The Hindu saint and master Ma Anandamayi (1896-1982).

Beauty—even the beauty of a simple object, a modest flower, or a snowflake—suggests a whole world; it liberates, whereas ugliness as such imprisons; we say “as such” since compensations can always neutralize ugliness, even as beauty can lose all its prestige. Under normal conditions beauty evokes limitlessness as well as an equilibrium of concordant possibilities; in this way it reminds us of the Infinite and—in a more immediately tangible way—of the nobility and generosity flowing from the Infinite: a nobility that scorns and a generosity that gives unstintingly.

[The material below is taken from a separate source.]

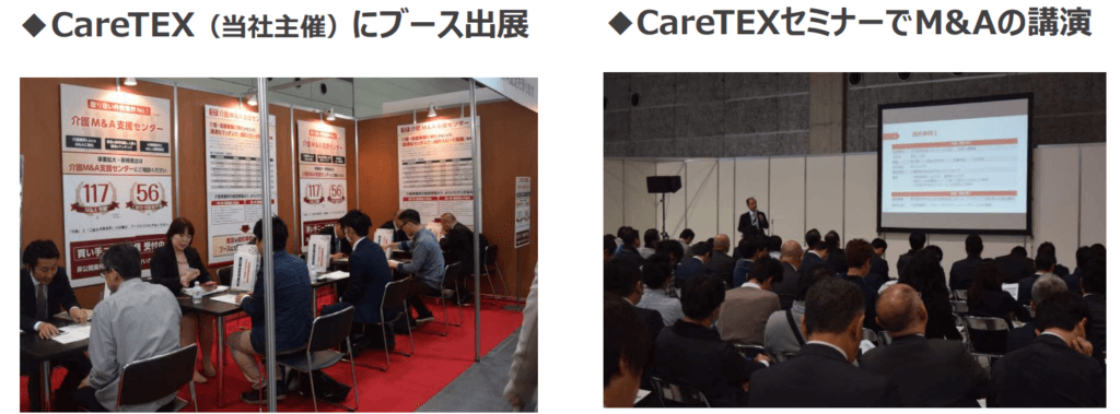 介護・健康施術業界において新規参入や業容拡大を図る各種サプライヤーと、高齢者施設等の新設・修繕等を検討する介護・健康施術事業者とを一堂に集めて商談を促進する場を提供する商談型展示会の開催や、介護・福祉業界における事業承継ニーズに応えるM&A仲介サービスを営んでいます。

There is nothing stingy about beauty as such; it contains neither agitation nor avarice nor constriction of any sort.

The archetype of beauty, or its divine model, is the superabundance and equilibrium of the divine qualities and at the same time the overflowing of the existential potentialities in pure Being; in a somewhat different sense beauty comes from divine Love, which is the will to deploy and bestow itself—to realize itself in “another”—and this is why “God created the world by love”. The result of this Love is a totality that realizes a perfect equilibrium and beatitude and therefore constitutes a manifestation of beauty—the first such manifestation, in which all others are contained; this manifestation is the creation or world, which contains ugliness in its disequilibria but which is beauty in its totality. The human soul achieves this totality only in holiness.

Schuon, Logic and Transcendence, World Wisdom, 2009.